31 Cal. App. 3d 826, 107 Cal. Rptr. 824, 1973 Cal. App. LEXIS 1113
CourtCalifornia Court of Appeal
DecidedApril 12, 1973
DocketCrim. 9845
StatusPublished
Cited by7 cases

This text of 31 Cal. App. 3d 826 (People v. Aylwin) is published on Counsel Stack Legal Research, covering California Court of Appeal primary law. Counsel Stack provides free access to over 12 million legal documents including statutes, case law, regulations, and constitutions.

Bluebook
People v. Aylwin, 31 Cal. App. 3d 826, 107 Cal. Rptr. 824, 1973 Cal. App. LEXIS 1113 (Cal. Ct. App. 1973).

Opinion

Opinion

DEVINE, P. J.

Michael Blanchard Aylwin, Timothy William Butler, and Craig Burns Champie appeal from a judgment entered on a jury verdict which found them guilty of violation of Penal Code section 182 (conspiracy to manufacture lysergic acid [LSD]), violation of Health and Safety Code section 11910 (possession of LSD), and violation of Health and Safety Code section 11912. The section 11912 charge was manufacture of LSD, but the jury found appellants guilty of attempt to manufacture the forbidden drug.

The case is primarily one of that species of search and seizure cases which comprise the subject of fruit of the poisonous tree. It is convenient to commence with the time when the fruit was plucked. That the defendants are guilty of the offenses, if the fruit was not infected by organisms within the tree, is not open to doubt. They were running a full-fledged factory *830 for the manufacture of LSD at 212 South MacPherson Street, Fort Bragg, Mendocino County, at the date of their arrest, June 16, 1970. Apparently because of the size of the operation, some 15 to 20' police officers surrounded the rented house at 212 South MacPherson Street. Upon entry, the officers found a large number of chemicals, including LSD, laboratory equipment, and an eight-page formula for the manufacture of LSD. The officers were armed with a search warrant which contains an unchallenged description of the place to be searched, and the things to be seized.

Although some point is made of the manner of entry, violation of Penal Code section 1531 being asserted, this point may be disposed of readily. An agent knocked on the door and shouted, “Police officers. We have a search warrant.” The door was open at least three-quarters of the way. Upon knocking, Agent Filben “heard what I thought sounded like running feet.” He also testified that he heard the sounds of machinery running and glass breaking. At the door, Filben detected the “chemical smell” of either ether or acetone. After waiting about five seconds from the time he had knocked, Filben and the other officers entered the house. Filben stated that he “rushed in because [he] heard the running feet.” Filben also testified that he feared that Jean Rodigou, whom he expected to see within the house, might resort to violence.
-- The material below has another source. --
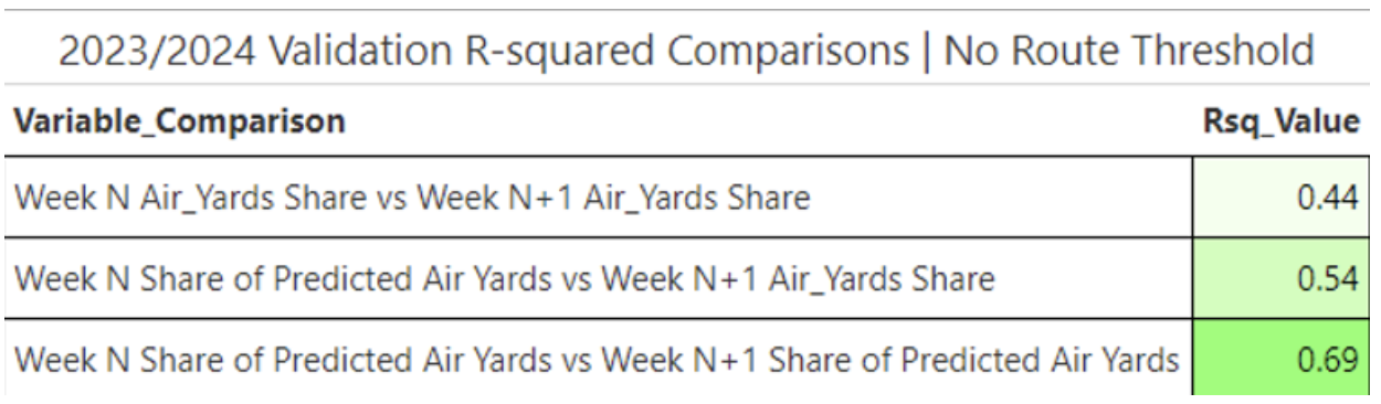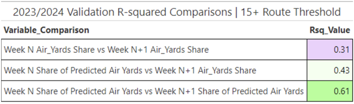 •Using Share of Predicted Air Yards ([Predicted Air Yards]/[Sum of Team Predicted Air Yards]), we gain significantly more predictive power for projecting Next Week Air Yards! Plus, we achieve greater overall stability, just as we did when utilizing Share of Predicted Targets.

His belief was apparently based on a report of Rodigou’s confrontation with a Mrs. Hazen, to which reference is made below. Moreover, Filben feared the possibility of an explosion because, he testified, “I consider all laboratories as potentially dangerous in that the chemicals used are volatile. ... I also talked with other officers who have investigated laboratories that have exploded wherein people have been maimed, killed, injured.” He admitted, however, that no LSD laboratory to his knowledge had ever exploded.
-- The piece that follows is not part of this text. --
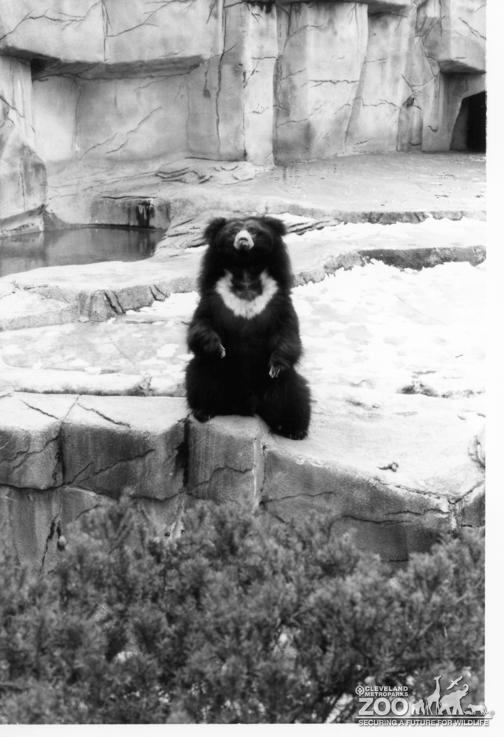 This is a black and white photo of a Sloth Bear sitting up on it hind legs looking towards the camera. The bear is sitting on the cliff edge of the trench in its outdoor enclosure. The bear is covered in long black fur with light brown fur on its muzzle and a single curved stripe across its chest.

When the officers entered the dwelling one of the occupants demonstrated his appreciation of the purpose of the visit. He tried to escape through a window. It was either Jean Rodigou, Timothy Butler, or Craig Champie. Others arrested were Michael Aylwin and Katharin Thomas. Under the circumstances, there was no violation of section 1531.

The search and seizure procedure in -execution of the warrant having been valid, we must go next to the subject of validity of the search warrant. Appellants contend that the warrant is invalid and cannot support the search and seizure because two important elements used to support it are themselves contaminated with illegality. The first is the search of a cabin in Amador County on May 26, 1970; and the second is the arrest, on June 9, 1970, of Ronald Wiggins and his search shortly after the arrest at the Fort Bragg police station.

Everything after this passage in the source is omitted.